Absolute quantification of the 14 miRNAs is shown in Table 2, and Table 3 is a representation of SDs and R2 for the 14 miRNAs tested by absolute digital PCR. (Figure 2) is Workflow of a digital miRNA’s PCR for colon cancer profiling in human colon tissue or stool samples. (Figure 3). is a graphical representation of the absolute quantification of the 12 up- or 2 down-regulated miRNAs in Human Stool by the QuantStudioTM 3D Digital PCR Chip System. Digital PCR, however, needs a rough estimate of the concentration of miRNAs of interest to carry out first , in order to make appropriate dilutions; Non-template controls and a RT negative control must be set up for each miRNA, when using a “primer pool method” for retro-transcription; a chip-based dPCR method requires less pipetting steps, which reduces potential PCR contamination, and Quant StudioTM 3D chip has 20,000 fixed reaction wells, which reduces variability of dPCR results (Figure 2 & 3 and Table 2 & 3).

Table 2: Absolute Quantification of Up-/Down- Regulated miRNAs in Stool by Quant Studio TM 3D Chip Based Digital PCR.

Table 3: Representation of SDs and R2 for miRNAs tested by absolute digital PCR.

To avoid bias and ensure that biomarker selection and outcome assessment will not influence each other, a prospective specimen collection retrospective blinded evaluation (PRoBE) design randomized selection could be employed. An enrichment and exfoliation strategy of colonocytes from stool for miRNA profiling using Dynal superparamagnetic polystyrene beads coated with a mouse IgG1 monoclonal antibody (Ab) Ber-Ep4, specific for an epitope on the protein moiety of the glycopolypeptide membrane antigen Ep-CAM, which is expressed on the surface of colonocytes and colon carcinoma cells, can be used. Comparing the Agilent electrophoretic (18S and 28S) patterns to those obtained from total RNA extracted from stool, and differential lysis of colonocytes by RT lysis buffer (Quagen), could be construed as a validation that the electrophoretic pattern observed in stool (18S and 28S) is truly due to the presence of human colonocytes, and not due to stool contamination with Escherichia coli (16S and 23S). While some exsosomal RNA can be released from purified colonocytes into stool, correction for that effect can be made. Hence, for CRC screening, miRNA markers are more comprehensive and preferable to a DNA-, epigenetic-, mRNA- or a protein-based marker. An added advantage of the use of the stable, nondegradable miRNAs by PCR expression, or chip-based methods is being automatable, making them more economical and acceptable by laboratory personnel performing these assays.

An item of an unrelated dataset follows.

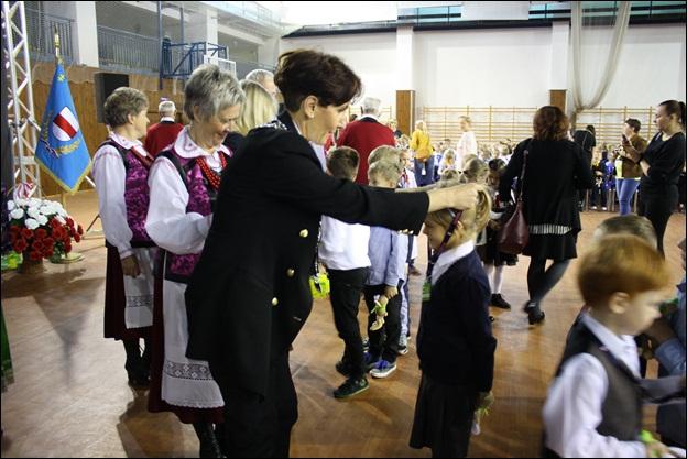 Oficjalnie w gminnej rodzinie młodych uczniów powitały przewodnicząca rady miejskiej Elżbieta Piórkowska oraz zastępca burmistrza Aneta Kowalewska. Każde dziecko otrzymało pamiątkową legitymację pierwszaka oraz pluszowego zająca.

Stool testing has several advantages over other colon cancer screening methods as it is truly noninvasive and requires no unpleasant cathartic preparation, formal health care visits, or time away from work or routine activities. Unlike sigmoidoscopy, it reflects the full length of the colorectum and samples can be taken in a way that represents the right and left side of the colon. It is believed that colonocytes are released continuously and abundantly into the fecal stream, contrary to blood that is released intermittently as in guaiac FOBT; therefore, this natural enrichment phenomenon partially obviates the need to use a laboratoryenrichment technique to enrich for tumorigenic colonocytes, as for example when blood is used for testing. Furthermore, because testing can be performed on mail-in-specimens, geographic access to stool screening is essentially unimpeded. Results have show that even the presence of bacterial DNA, non-transformed RNA and other interfering substances in stool does not interfere with measuring miRNA expression, when an enrichment method such as the immunological paramagnetic capture method is used, and when appropriate PCR primers are employed. Besides, stool colonocytes contain much more miRNA than that available in free circulation such as in plasma.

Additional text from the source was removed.